1. Judge Bataillon's opinion in Swan could launch a thousand law review articles, so for now I can only give the highlights. Let me just quote (with citations omitted) from the decision itself:
[I]n reliance on Blakely, the Eighth Circuit Court of Appeals has now found the sentencing guidelines wholly unconstitutional. United States v. Mooney.... Under principles of stare decisis, decisions of the Eighth Circuit Court of Appeals have precedential value and must be followed by the district courts within the Eighth Circuit. Nevertheless, the court finds it is not bound to follow Mooney at this time, since the appeals court decision is not yet final.
Stare decisis is similar to the doctrines of res judicata and collateral estoppel, which require a final judgment, although stare decisis does not draw its force from the policy that protects final judgments. Instead, stare decisis stems from the principles of stability and equal treatment underlying the orderly development of legal doctrine. In circumstances such as these, the court finds that principles of stare decisis require restraint in the use, as precedent, of a decision that is not yet final.
[U]ntil the mandate in Mooney issues, this court is not obliged to follow the dictates of the Mooney decision. Until such time as the Mooney decision becomes a final judgment accorded precedential effect, this court is compelled to apply its own understanding of the Supreme Court’s holding in Blakely. This court remains convinced that the proper reading of Blakely would allow a court to follow the guidelines as long as factors increasing the "maximum," as defined in Blakely, are charged in the indictment and either admitted or submitted to a jury (or the court if a jury is waived) under the standard of proof beyond a reasonable doubt. See United States v. Terrell, No. 2004 WL 1661018 (D. Neb. July 22, 2004).
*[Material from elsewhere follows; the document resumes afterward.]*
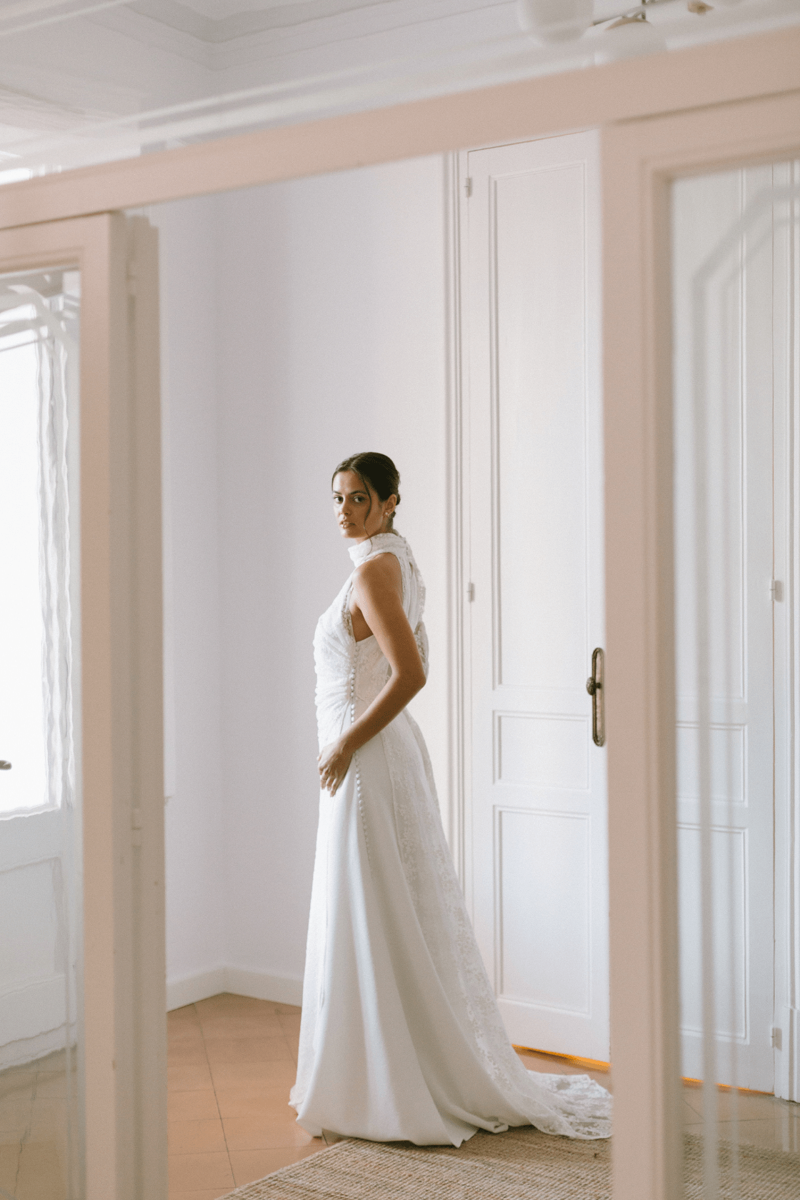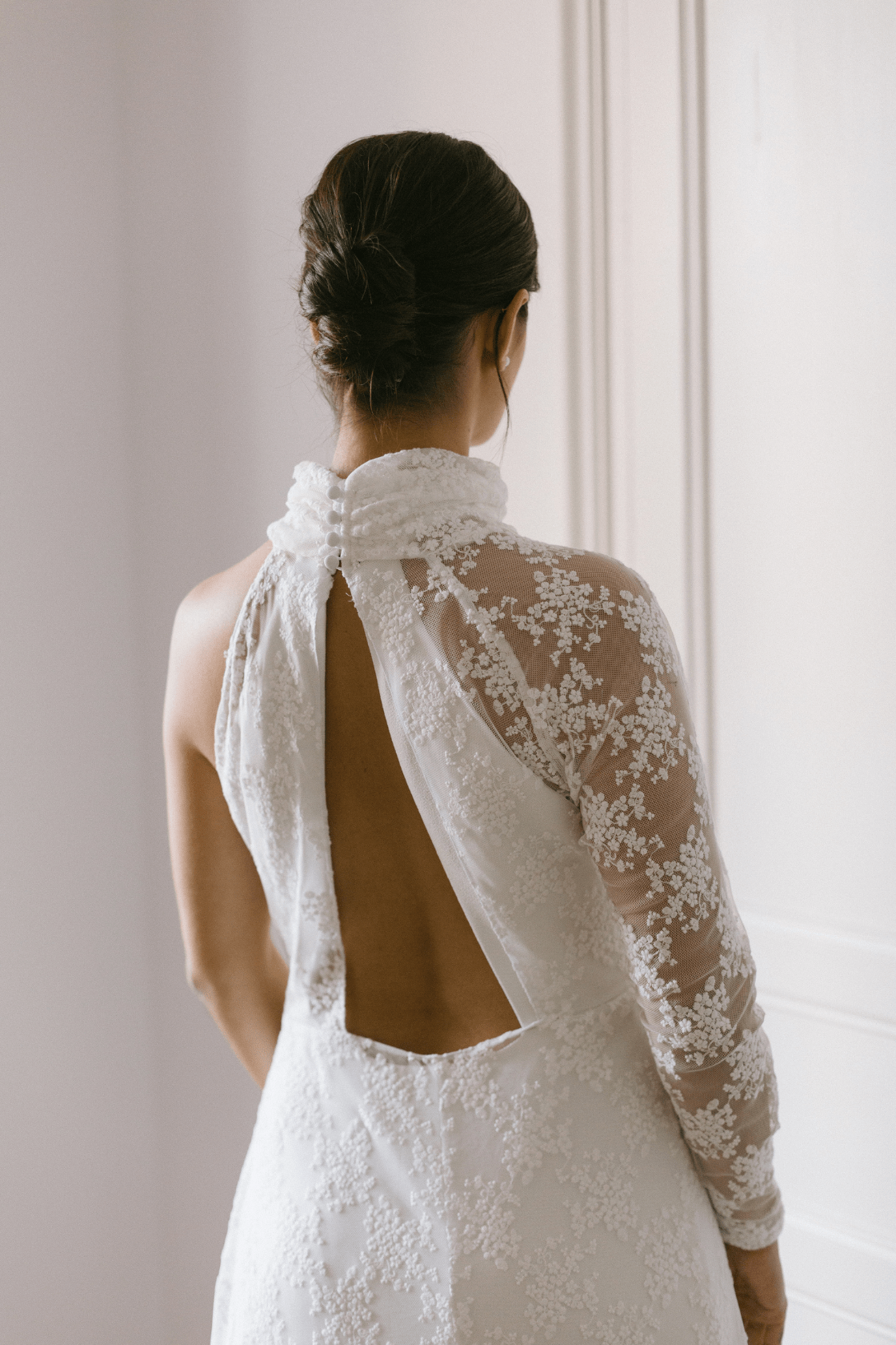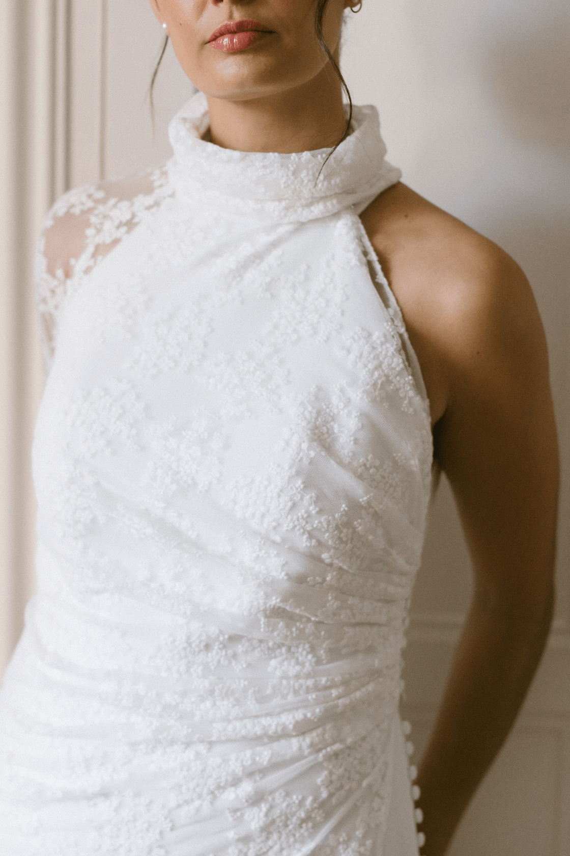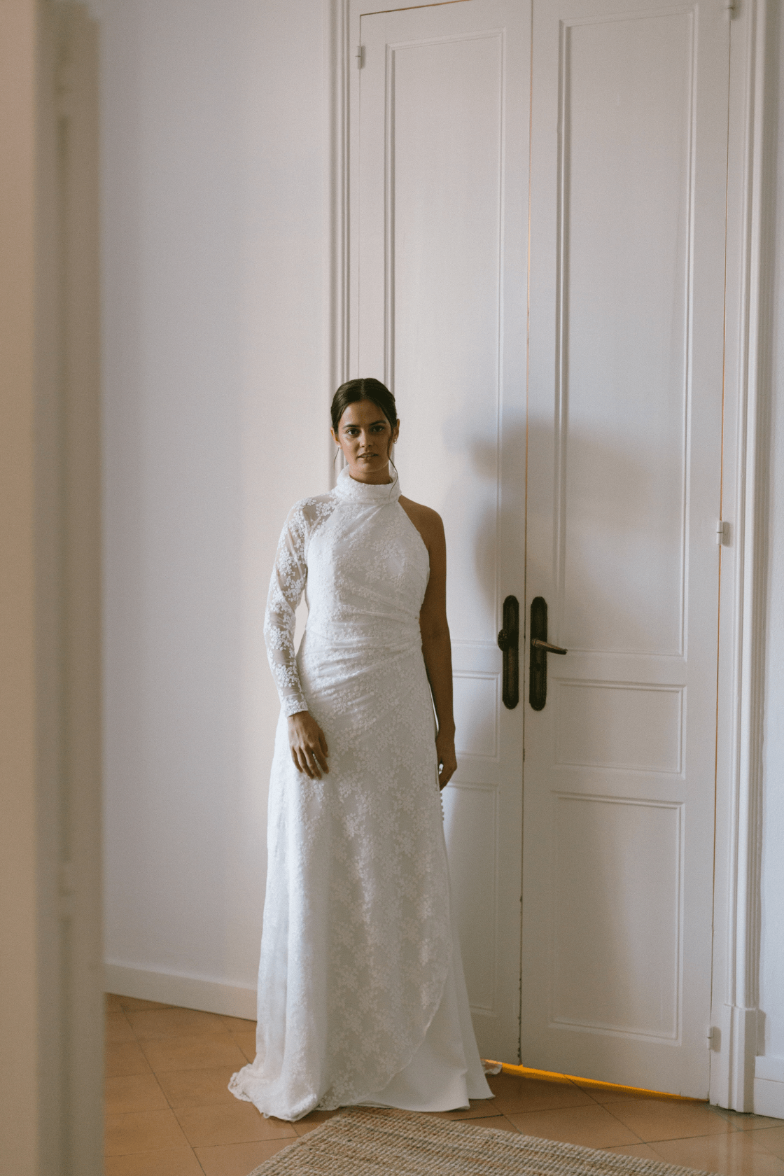 Este vestido de novia combina elegancia minimalista y modernidad. Confeccionado totalmente en crepe forrado, presenta un escote halter que realza los hombros y la silueta. La abertura lateral aporta un toque sensual y permite que se vean los zapatos, mientras que la espalda en forma de lágrima añade delicadeza y sofisticación al conjunto.

The court believes the Eighth Circuit’s adoption of U.S. District Judge Cassell’s rationale as set forth in Croxford, 2004 WL 1521560 at *12-13, is untenable and may not withstand scrutiny on review.
There is a lot more important reasoning in the Swan opinion, but this discussion of stare decisis and the statement that "this court is compelled to apply its own understanding" of Blakely leaves me (pleasantly) gobsmacked.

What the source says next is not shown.